Heater cables are a waste of cash, laterite or no laterite. FYI I've used one, with laterite too. I switched it off, for several months. No difference.

Why doesn't Tom Barr use one? Diana Walstad? Takashi Amano? 100s of well-respected plant growers. Tropica don't use them either.

The hobby has progressed a fair bit since the twenty or so year-old "The Optimum Aquarium" by Dupla.


oops.... well i've placed the order now.

guess that'll be going on ebay if they won't have it back :blush:

what about the sand... is gravel a better choice in general?

i only started looking at a heating cable after they used one in that pfk plant supplement from a few issues back. the buggers.
 
what about the sand... is gravel a better choice in general?

Provided you have good enough nutrients in the substrate, then it becomes a matter of choice. I use Argos play sand which is cheap, readily available from Argos Extra and easily cleaned before putting in the tank.

Think about what bottom dwellers you want, and what they would prefer. My Corys and shrimp wouldn`t be seen sifting through anything else.
 
what about the sand... is gravel a better choice in general?

Provided you have good enough nutrients in the substrate, then it becomes a matter of choice.

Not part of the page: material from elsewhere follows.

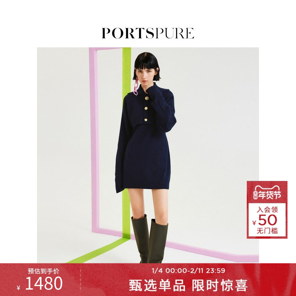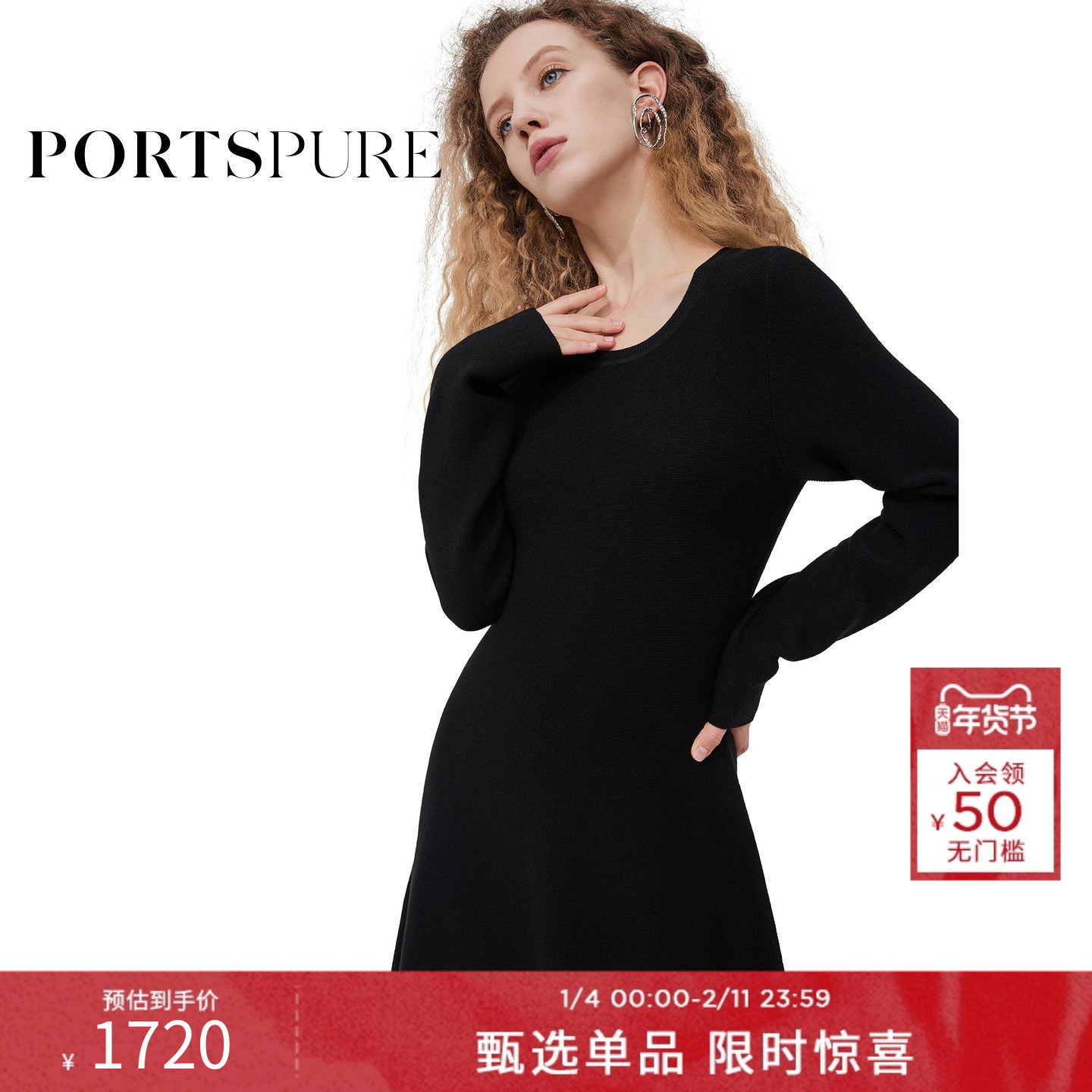宝姿PORTSPURE女装春季经典优雅赫本风小黑裙针织连衣裙

I use Argos play sand which is cheap, readily available from Argos Extra and easily cleaned before putting in the tank.

Think about what bottom dwellers you want, and what they would prefer. My Corys and shrimp wouldn`t be seen sifting through anything else.

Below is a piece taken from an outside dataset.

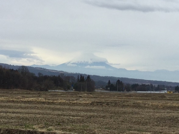 ▲富士山の笠雲。まもなく雨模様の天気(北杜市高根町)。

well i've still got a couple of buckets of silver sand from the old set up... which i'd like to use. but i've read about issues with high nutrient levels and sand substrates becoming anoxic in the long term.
 
I have used sand and laterite in my tanks for going on 4 years now, and have never had any problems. It depends on what kind you get. Some tend to compact and don't allow water to pass through. I use pool filter sand since it is dirt cheap, and doesn't seem to compact at all... it stays quite loose - a fish swimming just above it will move it around.

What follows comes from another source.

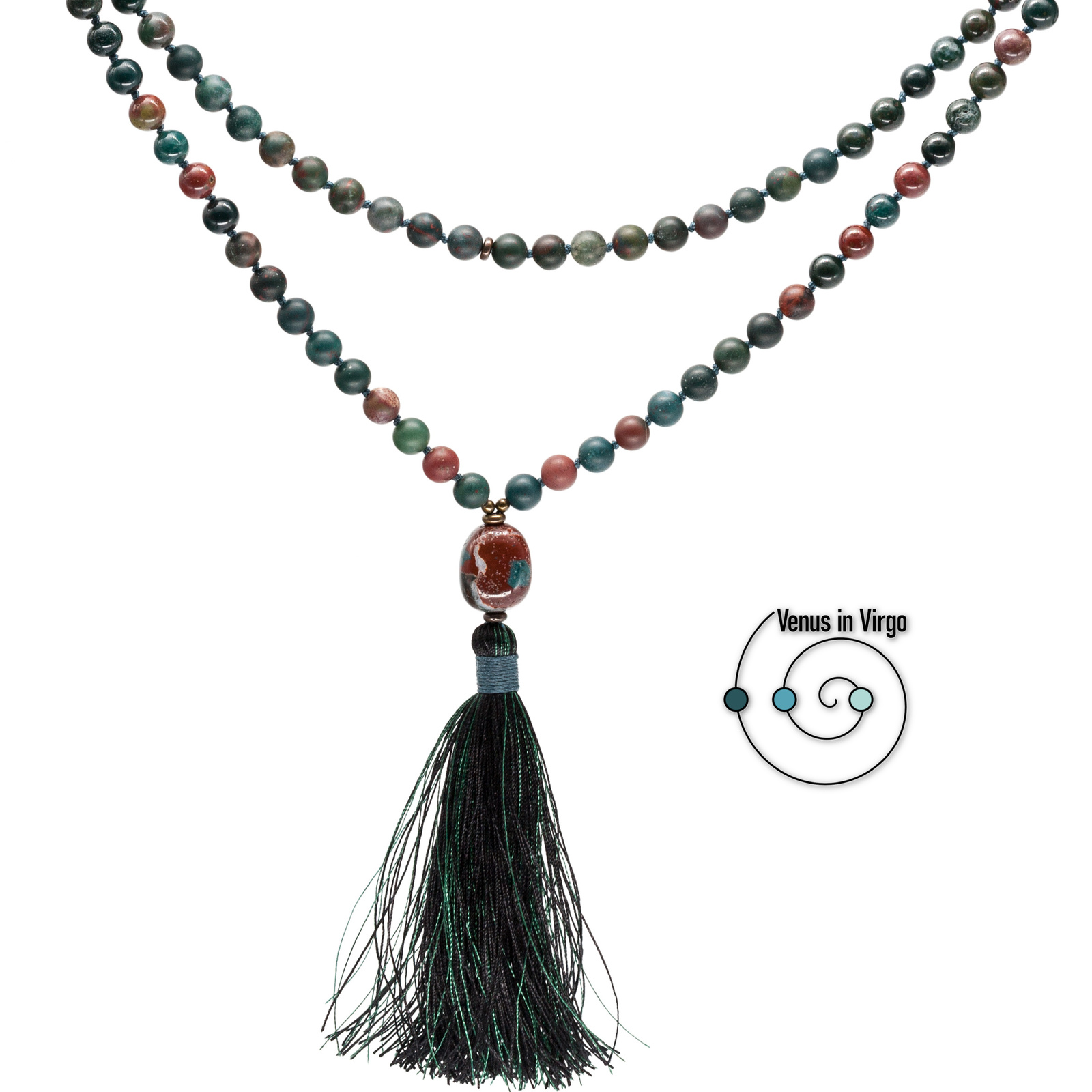 This one-of-a-kind mala is carefully hand-knotted using natural Indian bloodstone — a striking gemstone known for its grounding energy and its rich blend of deep greens and rusty reds. Each of the 108 6mm beads is selected for harmony and balance, arranged symmetrically by tone to mirror the subtle dance of earth and blood within the stone.

The only problems I find with it is that since it is light enough to be sucked up in a syphon, you can't do a full clean, and The laterite tends to work its self up to top if you jostle the sand around too much.

Other than that, I love it. If I had the money, however, I would switch to a all in one substrate like Flourite or Eco-complete.
 
well i've still got a couple of buckets of silver sand from the old set up... which i'd like to use. but i've read about issues with high nutrient levels and sand substrates becoming anoxic in the long term.

Did you have problems with anaerobic spots on your old set up?

If you are considering a heater cable, then I assumed you are looking at a planted set up. Provided you have enough plants sending out roots throughout the sand, anaerobic spots shouldn`t be a problem.
 
well i've still got a couple of buckets of silver sand from the old set up... which i'd like to use. but i've read about issues with high nutrient levels and sand substrates becoming anoxic in the long term.

Did you have problems with anaerobic spots on your old set up?

If you are considering a heater cable, then I assumed you are looking at a planted set up. Provided you have enough plants sending out roots throughout the sand, anaerobic spots shouldn`t be a problem.



no probs... but the bed was shallow and i hoovered it all the way to the bottom

cool... i'll stick with the sand then

thanks

:good:
 
I have used sand and laterite in my tanks for going on 4 years now, and have never had any problems. It depends on what kind you get. Some tend to compact and don't allow water to pass through. I use pool filter sand since it is dirt cheap, and doesn't seem to compact at all... it stays quite loose - a fish swimming just above it will move it around.

The only problems I find with it is that since it is light enough to be sucked up in a syphon, you can't do a full clean, and The laterite tends to work its self up to top if you jostle the sand around too much.

Other than that, I love it. If I had the money, however, I would switch to a all in one substrate like Flourite or Eco-complete.


I sort of feel like the maount of nutrients in a complete substrate might be less than adding your own though?